Hi there dear readers!

Some time ago I truly enjoyed a project involving labels of herbal teas and spices that had to be translated into Italian, so I thought of sharing this with you.

tea bagsThe customer had 40+ labels as *.pdf files to be translated. They sent me an editable file where I had to insert the translation. In this way I was able to work faster and in a more consistent way.
However, the customer cleverly sent me the *.pdf files too, so that I could draw from the images, the layout and the colour palette to provide an appropriate translation. This is always a good idea!

A few things to check were:

– Are there any character limits for the translation? We don’t want the graphic designer to get crazy!
– Are there any previous versions of the labels?
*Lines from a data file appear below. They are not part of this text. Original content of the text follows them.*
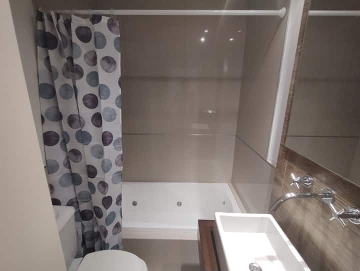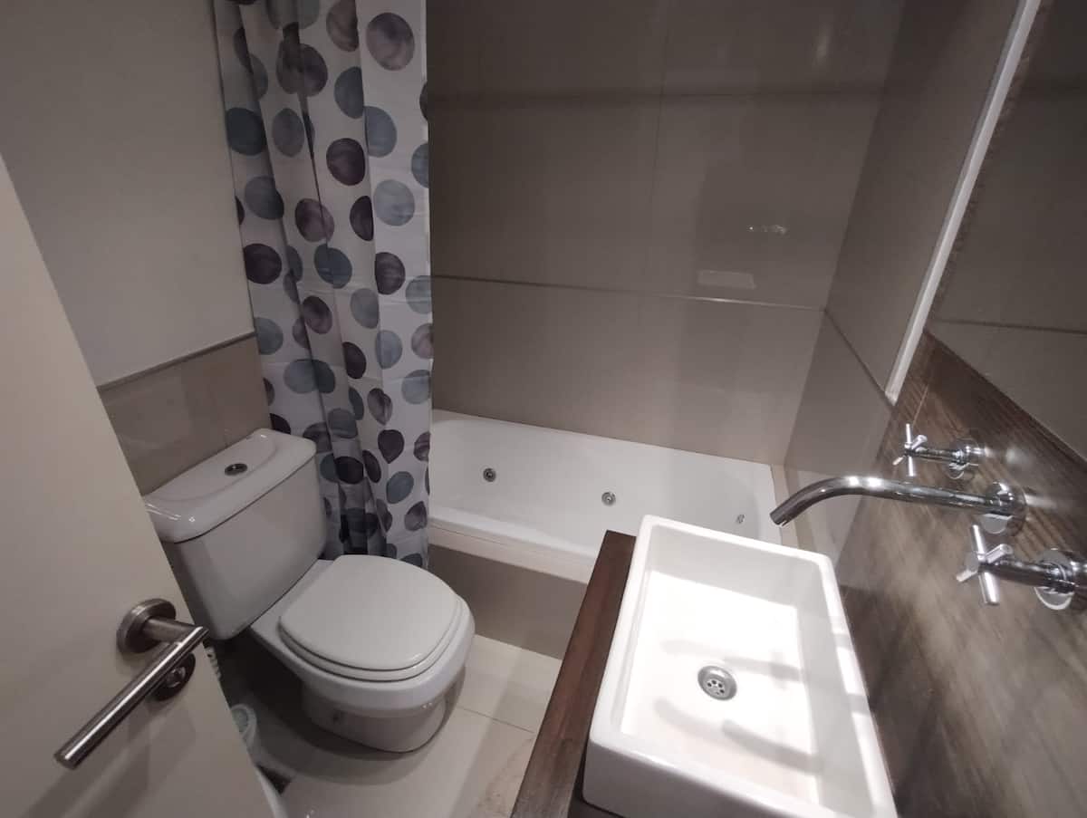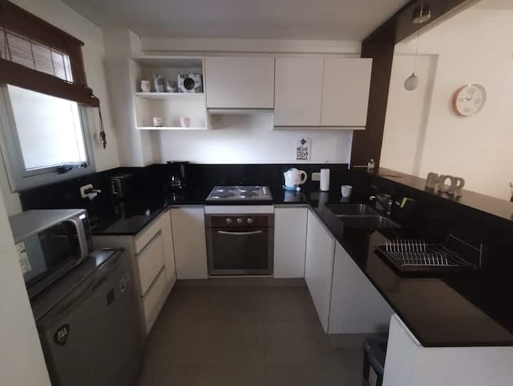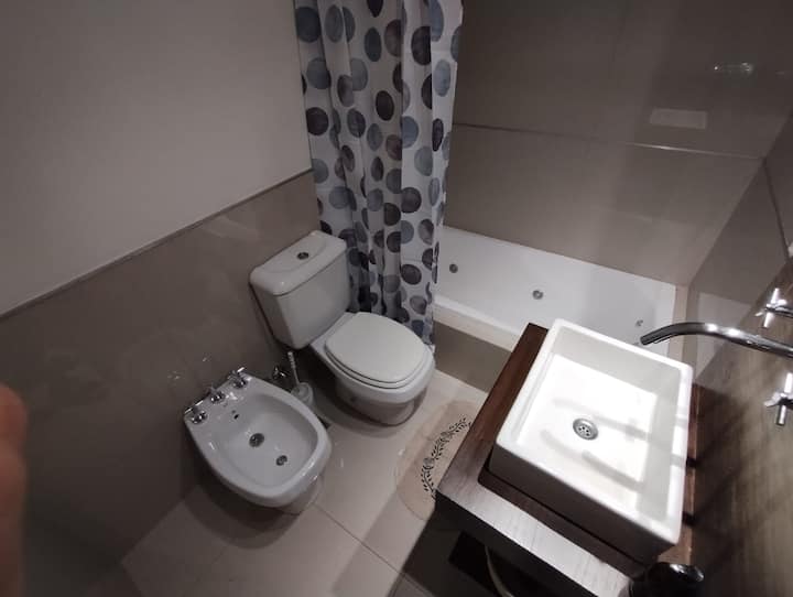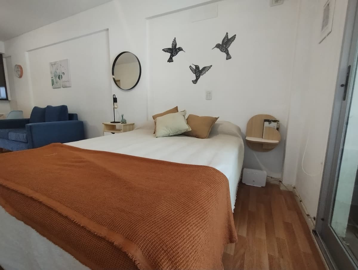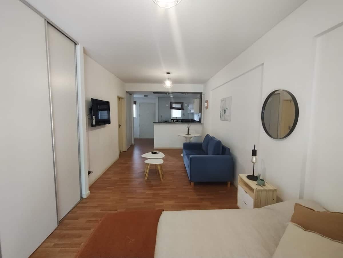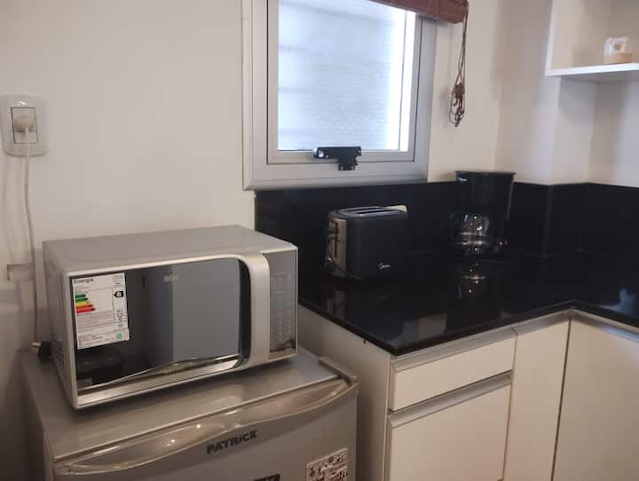 Modern studio apartment with a balcony in Núñez. The unit includes a kitchen with a refrigerator, stove, microwave, toaster, coffee maker and electric kettle, and a living/bedroom area with two large closets, a double bed, an armchair and a 43-inch smart TV. The bathroom has a bathtub with jacuzzi, and the balcony is screened and has a grill. Two blocks from Av. Cabildo, 10 blocks from Congreso de Tucumán (Subte Línea D station) and 5 blocks from Núñez station (Mitre Train), near Dot Baires Shop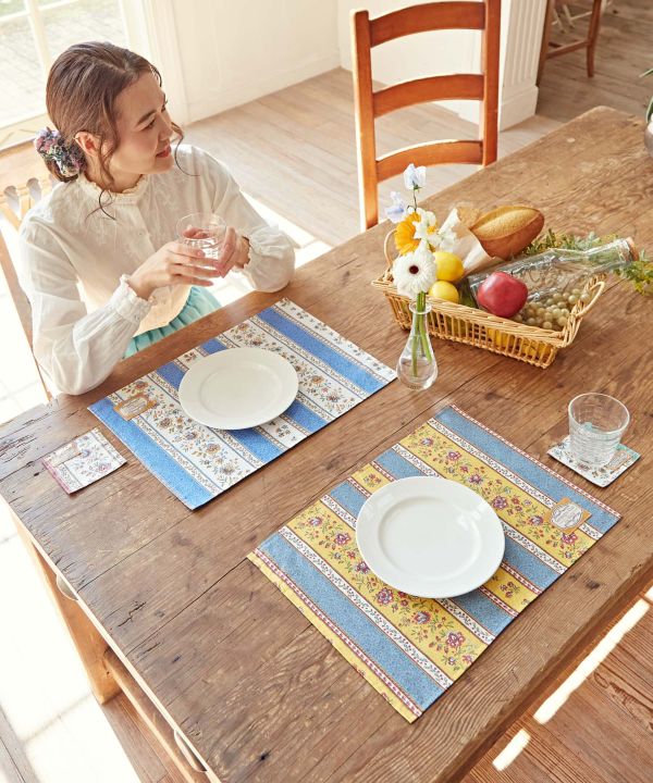 南フランスから輸入した生地を使用したプレイスマット。プロヴァンスならではの自然をモチーフにしたテキスタイルが魅力的。ヴィンテージ感のあるラベル付きで高級感が漂います。南仏の風に包まれて、ちょっと豊かに過ごす毎日を。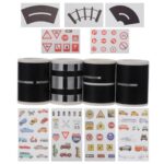 Zerodekoの交通用粘着マスキングテープ13枚セットは、DIYでカーブ道路や交通標識を作成できるアイテムです。壁や家具に貼りやすい和紙テープで、創造力を育むアートに最適です。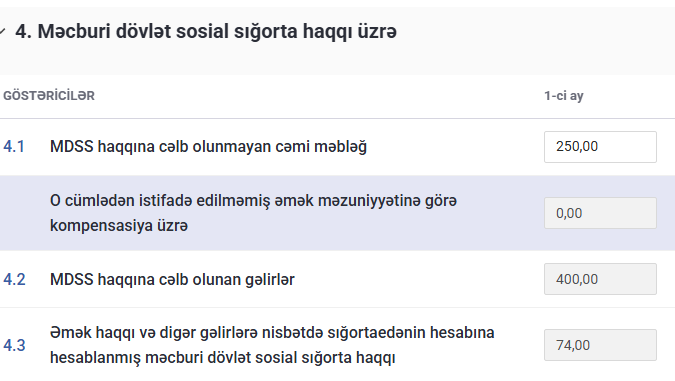 Əmək qabiliyyətinin itirilməsinə görə müavinət məbləği, eyni zamanda 4 saylı “İşçilərin muzdlu işə cəlb olunmayan gəlirləri barədə məlumat” əlavəsində də qeyd edilməlidir. Burada “MDSS”, “İşsizlikdən sığorta” və “İcbari tibbi sığorta” bölmələri üzrə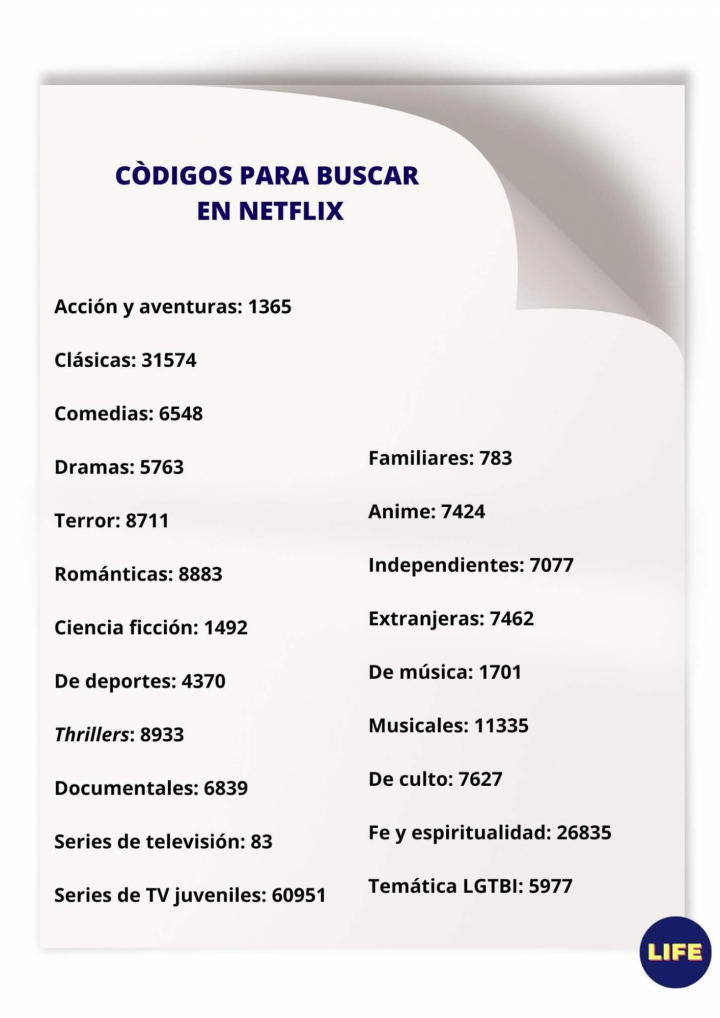 Los códigos salen de esta página, que ha publicado un listado con miles de referencias que permiten a los usuarios acceder a las 18 categorías principales de los contenido de la plataforma, que a su vez se dividen en subcategorías. Si se usan estas claves, el buscador muestra en la pantalla todas las películas románticas, todas las de acción o todos los musicales.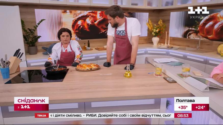 З Юлею заочно ми познайомились трохи раніше. Наш колега Руслан Сенічкін просив глядачів надіслати фото - з ким вони прокидаються. А потім пані Юля надіслала, як готує серпневі пироги разом з донечкою Таєю. Отже, Юля, і не сама, у цій студії вже за хвилину! Спочатку давайте познайомимось ближче! І разом з нею ми будемо готувати пиріг незалежності за фірмовим рецептом! Пиріг Незалежності Тісто 500 г Борошно 200 мл Кефір 1 шт. Яйце 10 г Дріжджі 30 г Вершкове масло 50 г Цукор Сіль Начинка Яблука Кориця Цукор Макова начинка Малина Крохмаль Цукрова пудра Випікати в духовці розігрітій на 180 градусів 35 хвилин. СМАЧНОГО!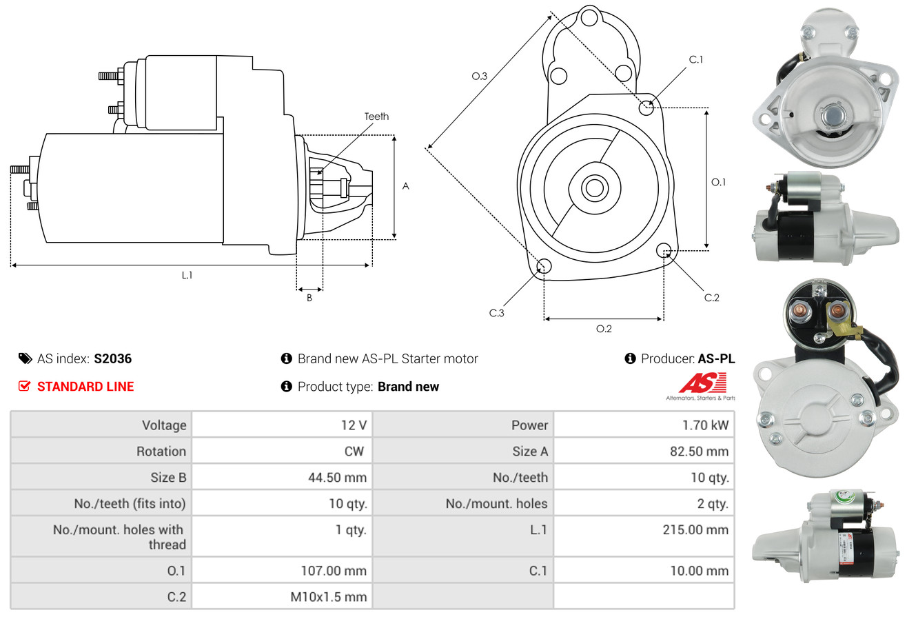 AS-PL Starter 12V für NISSAN 23300-4J606 S2036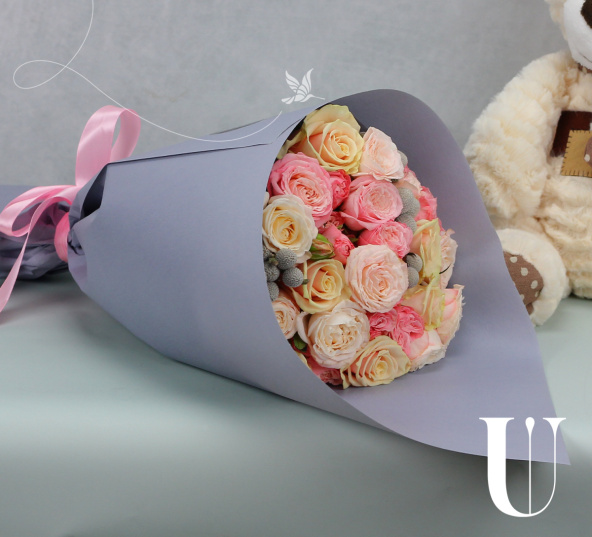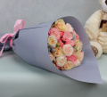 Монобукет из кустовых роз микс в розовой упаковке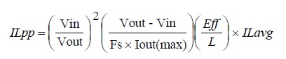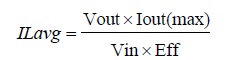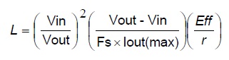 電感值計(jì)算公式,r 電感峰對(duì)峰值與電感平均電流的比例(一般設(shè)定在0.3~0.5)。舉例: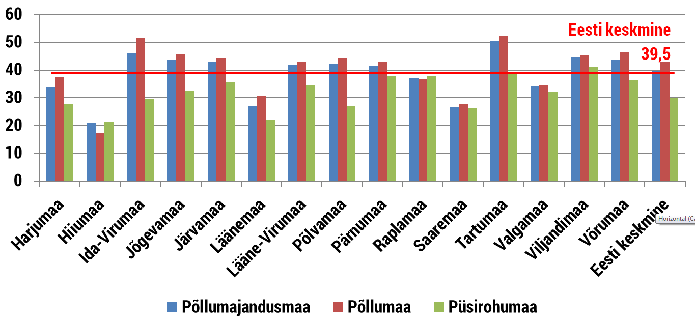 Üheksas maakonnas ületab rendihind Eesti keskmist. Kõrgeimad rendihinnad on Tartumaal (50,3 eurot/ha), Ida-Virumaal (46,1 eurot/ha) ja Viljandimaal (44,5 eurot/ha). Kõige vähem makstakse keskmisena renti Hiiumaal (20,9 eurot/ha), Saaremaal (26,7 eurot/ha) ja Läänemaal (27 eurot/ha). Kui üldjuhul on rendihinnad põllumaa puhul kõrgemad kui püsirohumaa puhul (püsirohumaa rendihind keskmiselt 70% põllumaa rendihinnast), siis Hiiumaal ja Raplamaal maksti püsirohumaa eest kõrgemat renti.
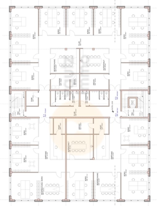 Die moderne Bürofläche in einem großen Bürokomplex ist ausgestattet wie folgt: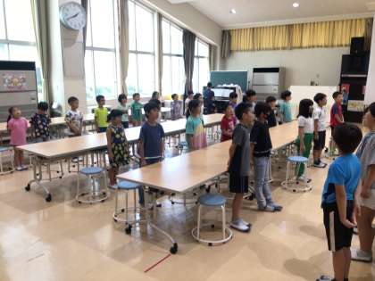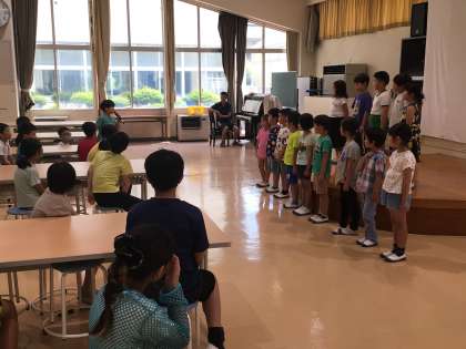 低学年、中学年、高学年にわかれて今月の歌を歌い聴き合いました。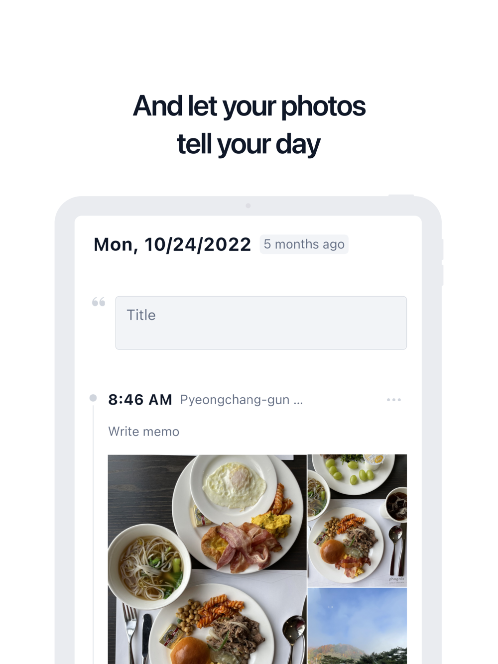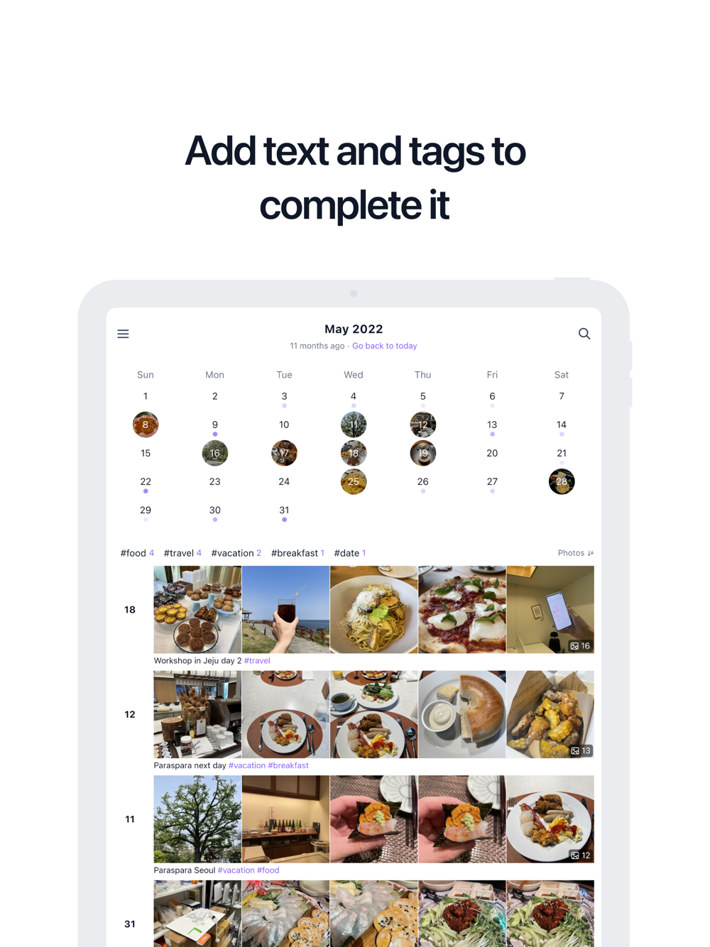 Simply click on a date and let it automatically create a beautiful entry with the photos of that day.

If so, do they need to be checked again/re-translated or are they acceptable? To err is human; to persist is of the devil 😉

After sharing comments and insights, I checked the drafts prepared by the graphic designer for spelling, punctuation and hyphenation (how words are divided into syllables) mistakes.
For example, while in German quotation marks are „  “, in Italian they are “” and the German version would make a strange impression on a label. All these comments were made on annotated *.pdf files so that my software could talk with the graphic designer’s.

And after this check, off to printing!!!

And do you have similar experiences or advice you would like to share?

Thanks in advance for your comments!